Everyone in the gaming industry knows that Macau’s casinos suffered large downturns in revenue during the Mainland government’s corruption crackdown.  Chinese high-rollers knew that high-stakes gambling became a risky business, far from the baccarat tables.  When Beijing sneezes, Macau gets pneumonia.

But what about Las Vegas?

Macau is only one-sixth the size of Washington, D.C.  Yet, in 2013, its casinos, the only legal ones in China, won more than all the casinos in the United States, combined.  Almost all of that came from baccarat.

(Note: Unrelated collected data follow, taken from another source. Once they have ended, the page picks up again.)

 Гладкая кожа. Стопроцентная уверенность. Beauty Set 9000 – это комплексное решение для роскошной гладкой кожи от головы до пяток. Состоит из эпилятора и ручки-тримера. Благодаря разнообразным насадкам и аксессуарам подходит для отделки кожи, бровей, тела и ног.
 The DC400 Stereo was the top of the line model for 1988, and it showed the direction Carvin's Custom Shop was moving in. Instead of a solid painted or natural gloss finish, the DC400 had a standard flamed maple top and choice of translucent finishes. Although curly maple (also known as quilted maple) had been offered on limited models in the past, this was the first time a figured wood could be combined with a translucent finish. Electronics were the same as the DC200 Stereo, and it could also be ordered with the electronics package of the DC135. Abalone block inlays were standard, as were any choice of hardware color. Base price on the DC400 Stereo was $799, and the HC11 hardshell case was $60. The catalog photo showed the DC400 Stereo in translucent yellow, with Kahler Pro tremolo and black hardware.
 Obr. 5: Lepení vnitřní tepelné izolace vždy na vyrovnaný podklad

American operators with casinos in Macau actively recruit high-rollers to Las Vegas.  The tax rate and fees on gross gaming revenue in Macau is more than 39%; in Nevada, less than 8%

So, that same year, 2013, Nevada casinos won a total of $1.1 billion from blackjack, but $1.6 billion from baccarat, half a billion dollars more.  And there were nine times as many blackjack tables as baccarat tables: 2,704 to only 302.

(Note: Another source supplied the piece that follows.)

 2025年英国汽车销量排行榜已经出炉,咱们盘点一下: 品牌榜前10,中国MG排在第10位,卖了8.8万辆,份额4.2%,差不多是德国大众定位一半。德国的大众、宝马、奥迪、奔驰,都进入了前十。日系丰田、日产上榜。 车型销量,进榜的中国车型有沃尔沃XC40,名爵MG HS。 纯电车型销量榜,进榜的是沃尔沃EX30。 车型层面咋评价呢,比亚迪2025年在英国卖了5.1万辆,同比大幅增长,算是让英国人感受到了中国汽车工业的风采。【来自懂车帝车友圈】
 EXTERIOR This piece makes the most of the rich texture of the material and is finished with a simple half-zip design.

A blackjack table won $405,000 on average that year; a baccarat table $5,290,000 – 13 times as much.  And the yield from baccarat was increasing.

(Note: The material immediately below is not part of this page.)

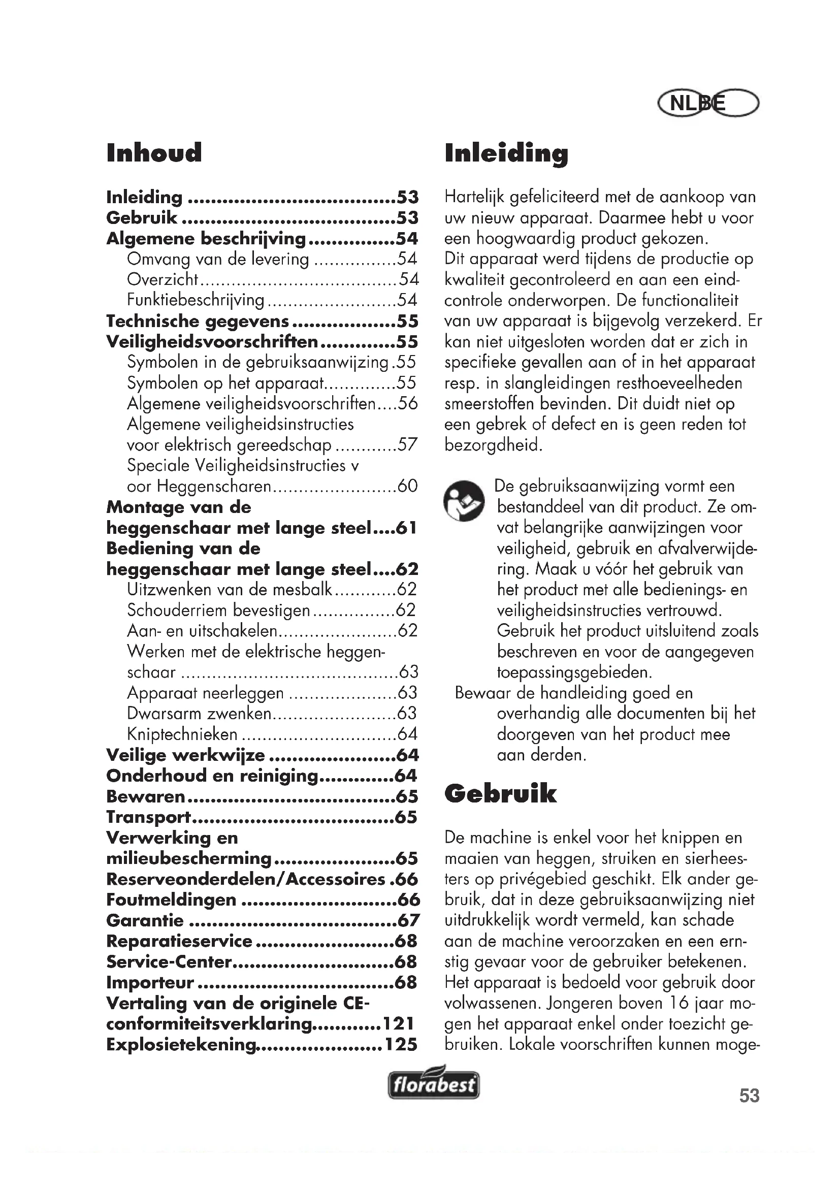 NL BE lijk een leeftijdsbeperking voor gebruikers vastleggen. Gebruik de heggenschaar niet als het regent of als de heg nat is.De gebruiker is voor ongevallen of schade aan derden aansprakelk.De producent is niet verantwoordelk voor beschadigingen, die door onrechtmatig gebruik of verkeerde bediening worden veroorzaakt. Gebruik de machine niet als het mes stomp is. Stark versiete mes-balk kann schade aan de machine veroorzaken. Mesbalk regelmatig laten slpen. Algemene beschrving De afbeeldingen kunt u vinden op de voorste uitklappagina.Omvang van de levering- Heggenschaar met lange steel (driedelig)- Maaibescherming- Schouderriem- Ronde handgreep- Veiligheidsbril- Montagemateriaal- GebruiksaanwijzingOverzicht

Then came the crackdown on the Chinese Mainland.

By 2016, Nevada casinos still won $1.1 billion from blackjack.  But its high-limit baccarat tables, almost all located in Las Vegas, won only $1.2 billion.

It looks like the bottom was hit months ago.  Baccarat revenue is up in both Macau and Nevada.

But we can now answer the question of what impact China has on Las Vegas.  Even just a slowdown in visitors costs Nevada casinos more than $400 million a year.

When Beijing sneezes, Strip casinos catch a severe cold.